The Clop ransomware gang claims to have attacked Saks Fifth Avenue on its dark web leak site.
The cyber security incident is among Clop's ongoing attacks against vulnerable GoAnywhere MFT servers belonging to established enterprises. Although the company states no real customer data is impacted, it did not address if corporate or employee data was stolen.
Founded in 1867 by Andrew Saks and headquartered in New York City, Saks Fifth Avenue remains among prominent luxury brand retailers serving the U.S., Canada and parts of the Middle East.
Clop on a GoAnywhere exploit spree
Yesterday, the Clop ransomware gang listed "Saks Fifth Avenue" on its data leak website among their latest victims, as seen by BleepingComputer:
The threat actor has not yet disclosed any additional information, such as what all data it stole from the luxury brand retailer's systems, or details about any ongoing ransom negotiations.
BleepingComputer has confirmed, however, the cyber security incident is linked to Clop's ongoing attacks targeting GoAnywhere servers vulnerable to a security flaw.
The flaw, now tracked as CVE-2023-0669, enables attackers to gain remote code execution on unpatched GoAnywhere MFT instances with their administrative console exposed to Internet access.
GoAnywhere MFT's developer Fortra (formerly HelpSystems) had previously disclosed to its customers that the vulnerability had been exploited as a zero-day in the wild and urged customers to patch their systems. The official advisory remains hidden to the public, but was earlier made public by investigative reporter Brian Krebs.

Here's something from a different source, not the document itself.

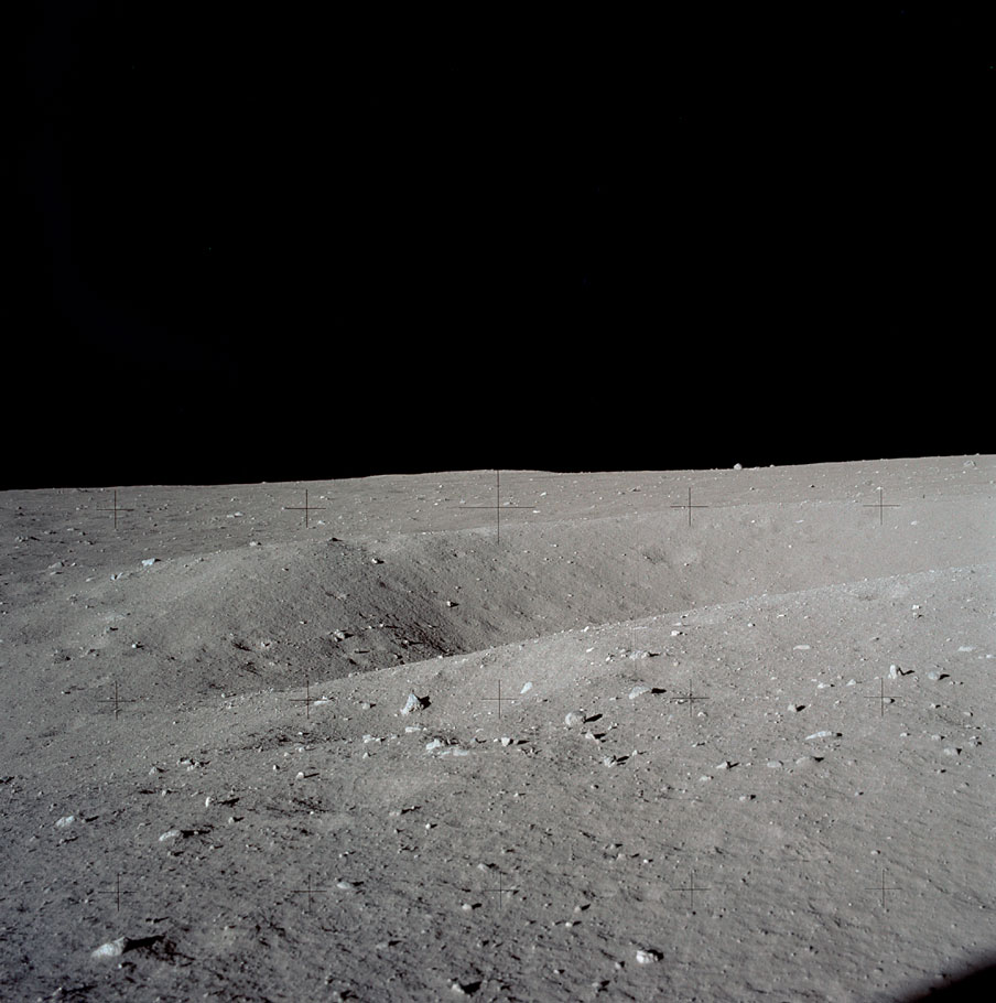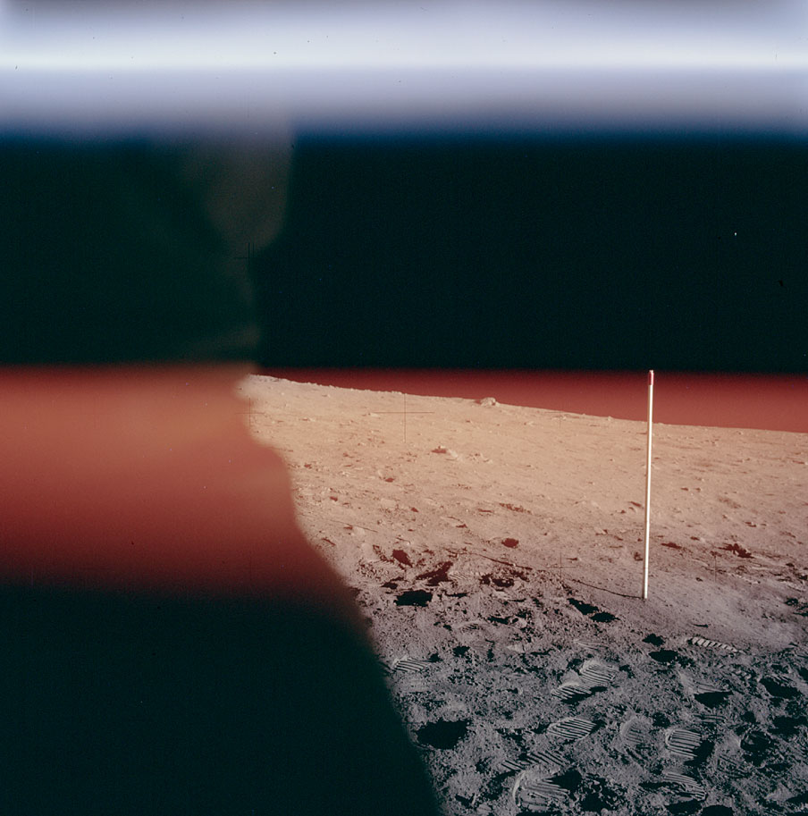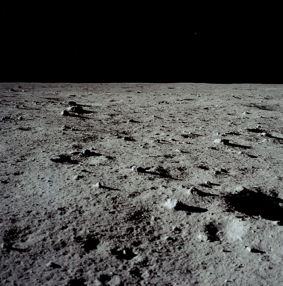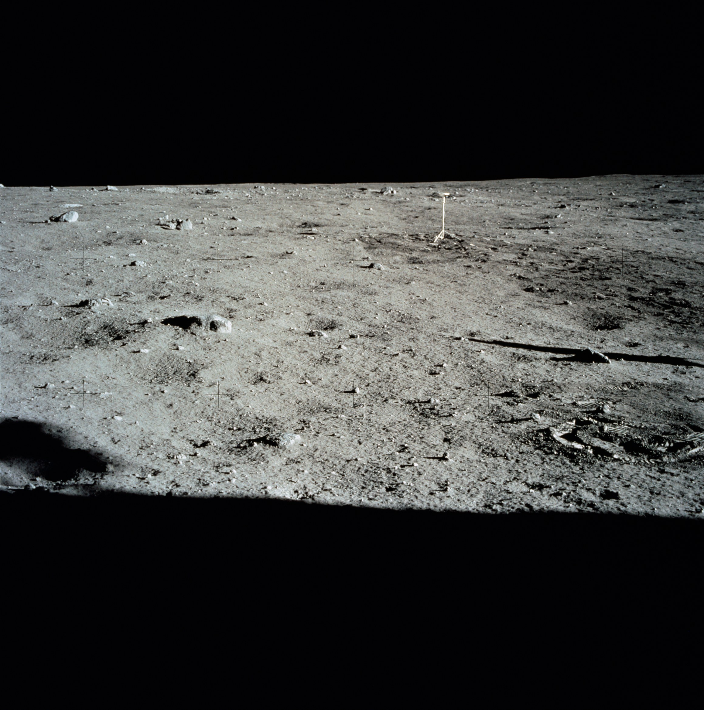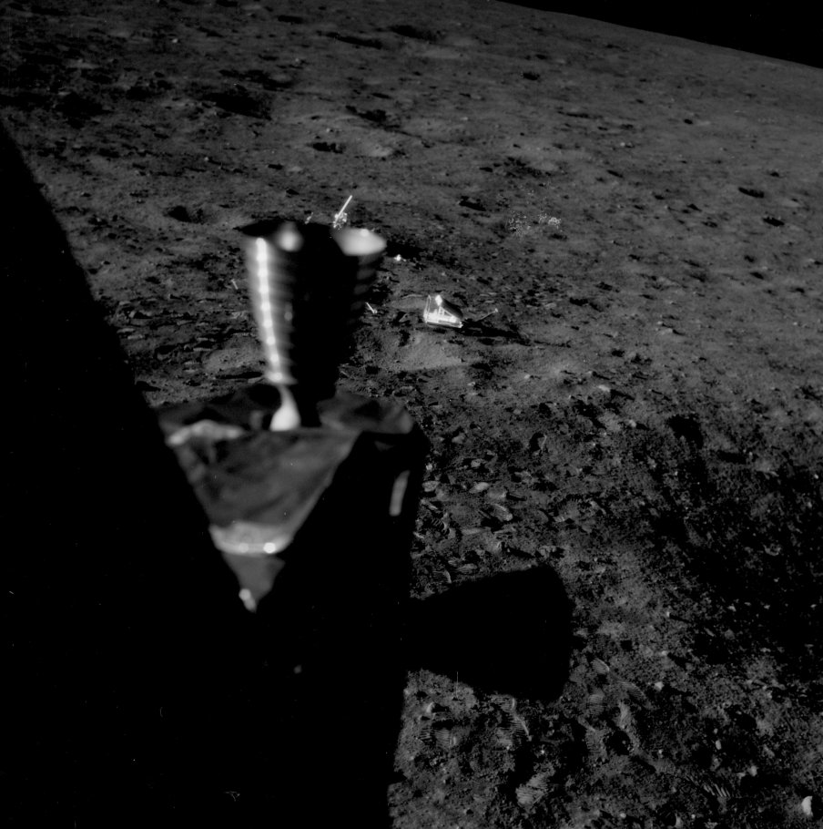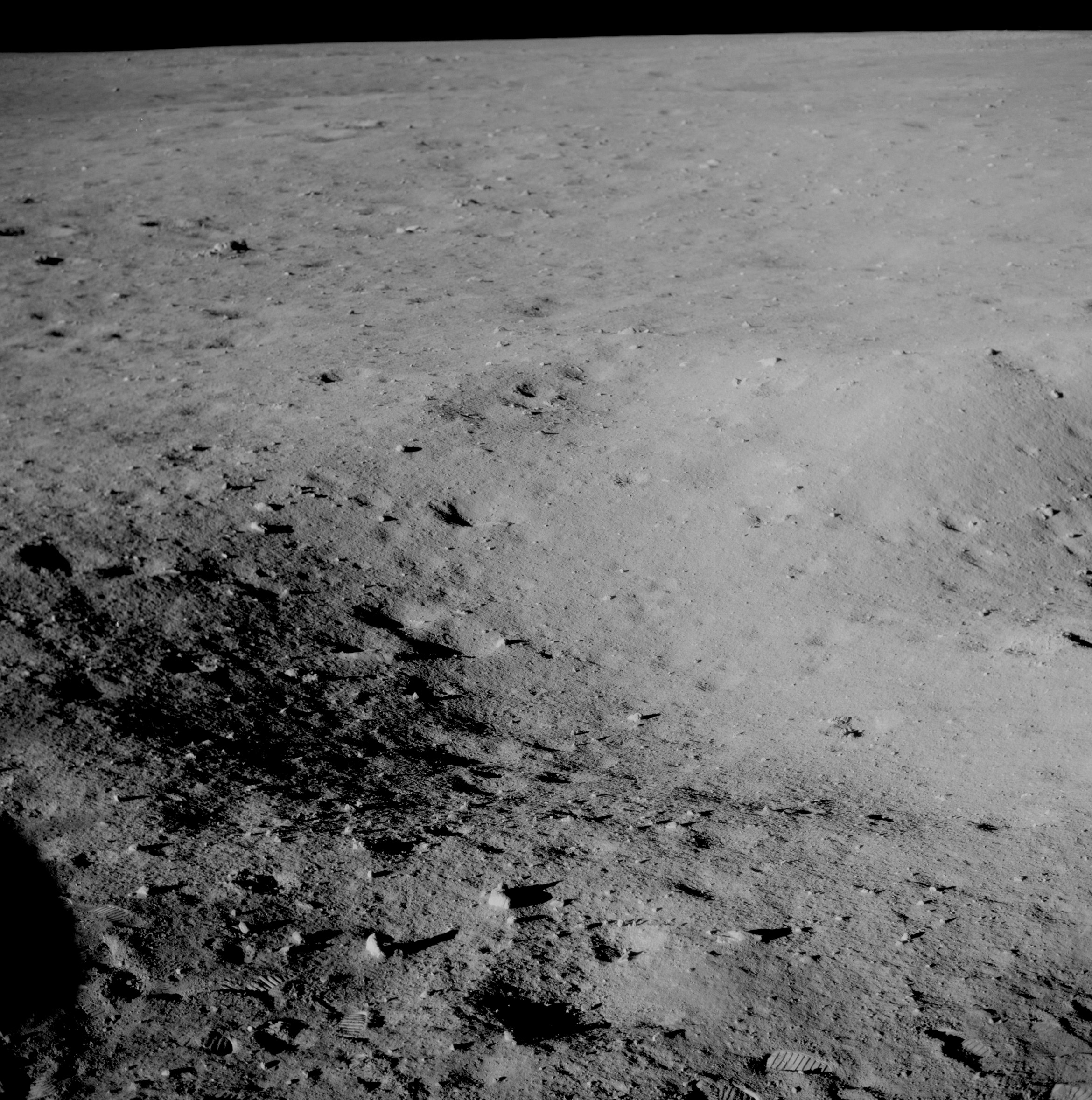 Note what appear to be soil clods at the bottom. Red-blue anaglyph created by Erwin D'Hoore.AS11-45-6705 Wiggle Stereo ( 0.2Mb )
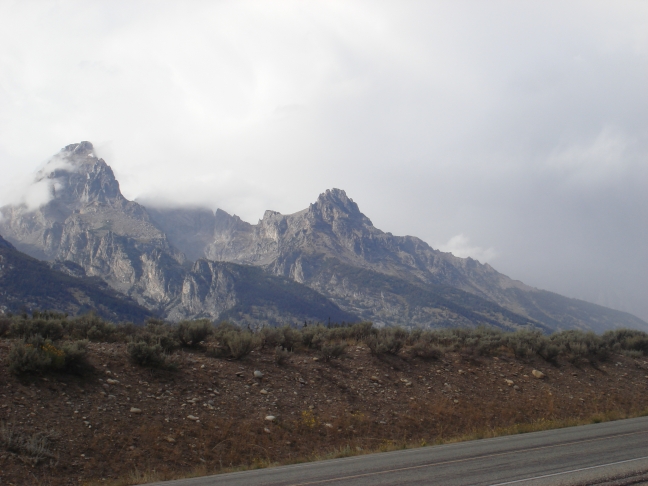 Photo 1 : Une demi-heure après avoir quitter Jackson, nous entrons dans le Grand Teton National Park. En fait, cette région a été "découverte par des explorateurs français, ils ont donc nommé donc les environs selon leur vocabulaire en français et comme une des montagnes ressemblait de leur point de vue à une demi poitrine de femme, ils ont appelé cette montagne le Grand Téton... D'autres lieux-dits et rivières portent encore le nom français dorénavant prononcé avec un excquis accent américain

In February, Clop reached out to BleepingComputer and claimed it had breached 130+ organizations and stolen their data over the course of ten days by exploiting this particular vulnerability on enterprise servers.
This month, Hitachi Energy disclosed a data breach by Clop resulting from the same zero-day.
Saks says no real customer data stolen
BleepingComputer reached out to Saks to better understand the scope of this incident. A spokesperson confirmed the incident was linked to Fortra.
"Fortra, a vendor to Saks and many other companies, recently experienced a data security incident that led to mock customer data being taken from a storage location used by Saks," a Saks spokesperson told BleepingComputer.
"The mock customer data does not include real customer or payment card information and is solely used to simulate customer orders for testing purposes."
While the retail giant states no "real" customer data or payment information was stolen, it did not answer our follow up question, as to whether corporate or employee data was compromised in this incident.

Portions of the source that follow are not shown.